(Material supplied)

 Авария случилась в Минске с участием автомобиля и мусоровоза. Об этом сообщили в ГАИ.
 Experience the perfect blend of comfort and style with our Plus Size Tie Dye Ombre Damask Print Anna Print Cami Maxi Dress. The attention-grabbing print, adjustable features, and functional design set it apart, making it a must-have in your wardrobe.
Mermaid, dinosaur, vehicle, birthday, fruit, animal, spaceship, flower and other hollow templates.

(End Material supplied)
(Material supplied)

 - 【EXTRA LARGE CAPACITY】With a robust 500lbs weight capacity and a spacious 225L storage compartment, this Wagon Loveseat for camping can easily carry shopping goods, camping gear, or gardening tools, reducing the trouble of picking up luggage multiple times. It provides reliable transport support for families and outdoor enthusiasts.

(End Material supplied)
(Material supplied)

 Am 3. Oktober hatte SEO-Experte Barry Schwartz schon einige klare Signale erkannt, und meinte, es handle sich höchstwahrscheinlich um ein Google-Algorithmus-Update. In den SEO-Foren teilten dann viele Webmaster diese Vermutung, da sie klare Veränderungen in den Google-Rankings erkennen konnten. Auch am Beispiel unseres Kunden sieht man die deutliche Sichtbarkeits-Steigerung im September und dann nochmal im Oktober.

(End Material supplied)

--- Work instructions ---
Start with the line above that contains "Experience the perfect" and end with the line that contains "other hollow templates.". Write out those lines exactly, and only those.

--- Exercise solution ---
 Experience the perfect blend of comfort and style with our Plus Size Tie Dye Ombre Damask Print Anna Print Cami Maxi Dress. The attention-grabbing print, adjustable features, and functional design set it apart, making it a must-have in your wardrobe.
Mermaid, dinosaur, vehicle, birthday, fruit, animal, spaceship, flower and other hollow templates.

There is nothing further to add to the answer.